As with any other big financial decision, choosing between an interest roll-up and interest-only plan depends largely on your personal circumstances and financial objectives. If maintaining control over your loan balance is important to you and you can comfortably afford the repayments, the interest-only option may be more suitable. 

On the other hand, if you prefer the flexibility of not having to make monthly payments, the interest roll-up option with an ad hoc payment facility might be a better fit. However, it’s crucial to understand the long-term impact on your home equity if you leave the interest to roll-up.

Ultimately, both options allow you to stay in your home without the risk of losing it if you cannot afford the monthly interest payments. However, careful consideration is needed as equity release is typically a lifetime commitment and a plan will reduce the value of your estate. 

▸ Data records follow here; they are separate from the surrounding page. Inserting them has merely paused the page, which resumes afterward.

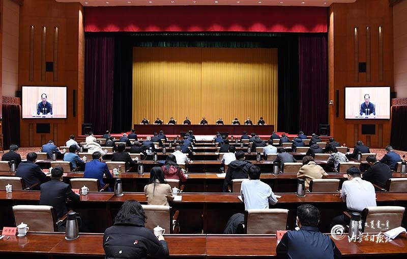 2月8日上午,自治區(qū)黨委常委、組織部長楊偉東主持會(huì)議。內(nèi)蒙古日報(bào)記者 袁永紅 攝
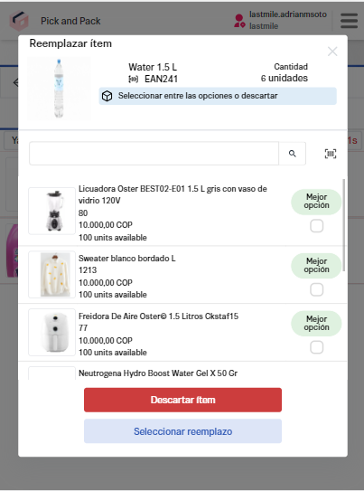 La pantalla Reemplazar ítem habilita los productos asociados al producto a reemplazar. Puedes utilizar el filtro de búsqueda.
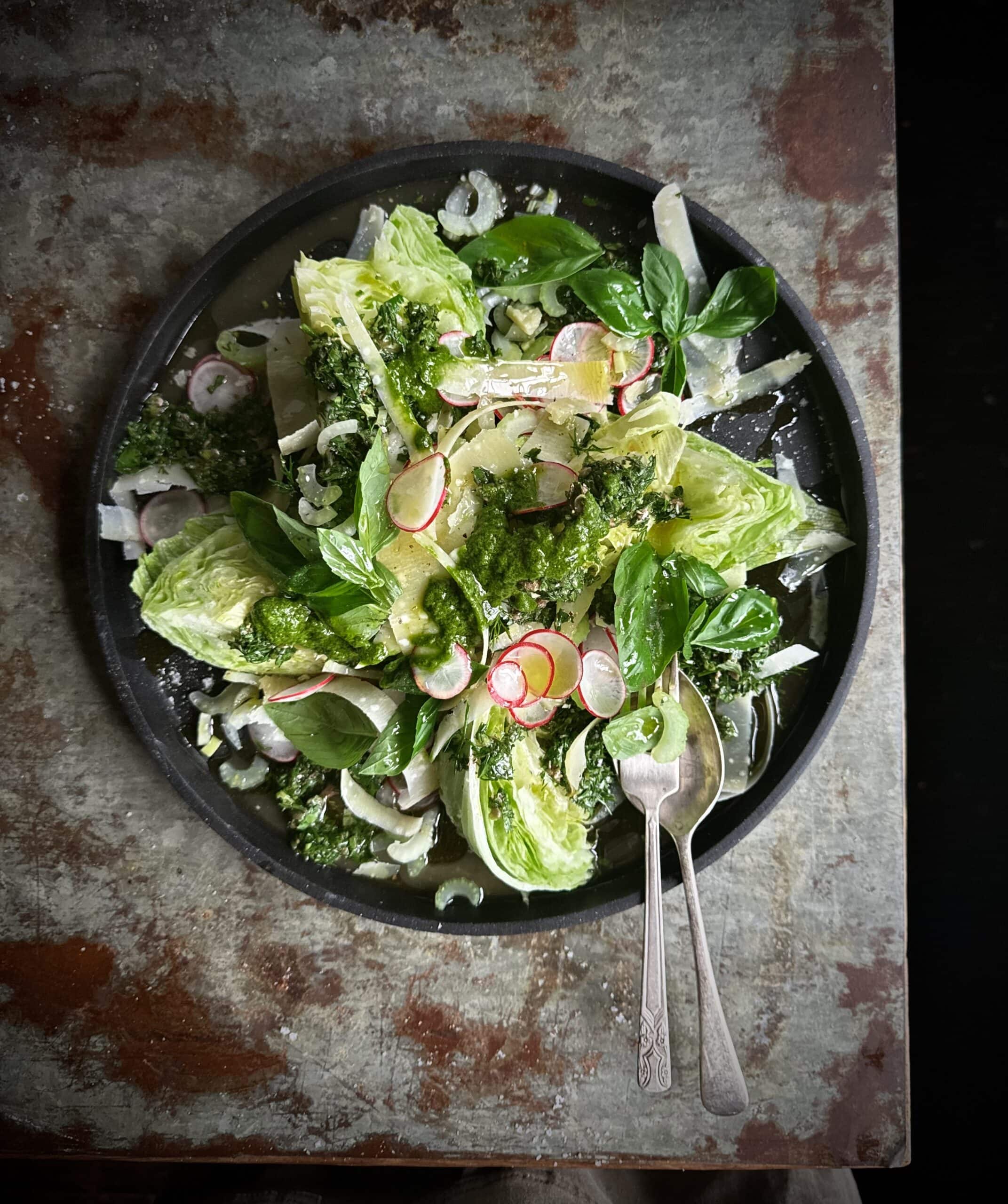 • Spoon this over the lettuce wedges and scatter with the celery, radishes, and Parmesan, finish with a squeeze of lemon to serve.

For this reason, seeking specialist advice is always recommended to ensure you choose the best option for your unique needs. You also require professional advice to help you explore other options: equity release might not be the best way for you to meet your financial needs and other, cheaper options might be available.

Speak to a specialist

If you are considering equity release, our selected advisers can arrange a comparison of suitable plans and equity release rates from leading providers. They will help you assess the suitability of equity release and the different options available.

Call us on 0808 178 3055 and we’ll arrange a free, no-obligation appointment. If you’re unable to talk now, request a call back and we’ll call when it’s convenient to you.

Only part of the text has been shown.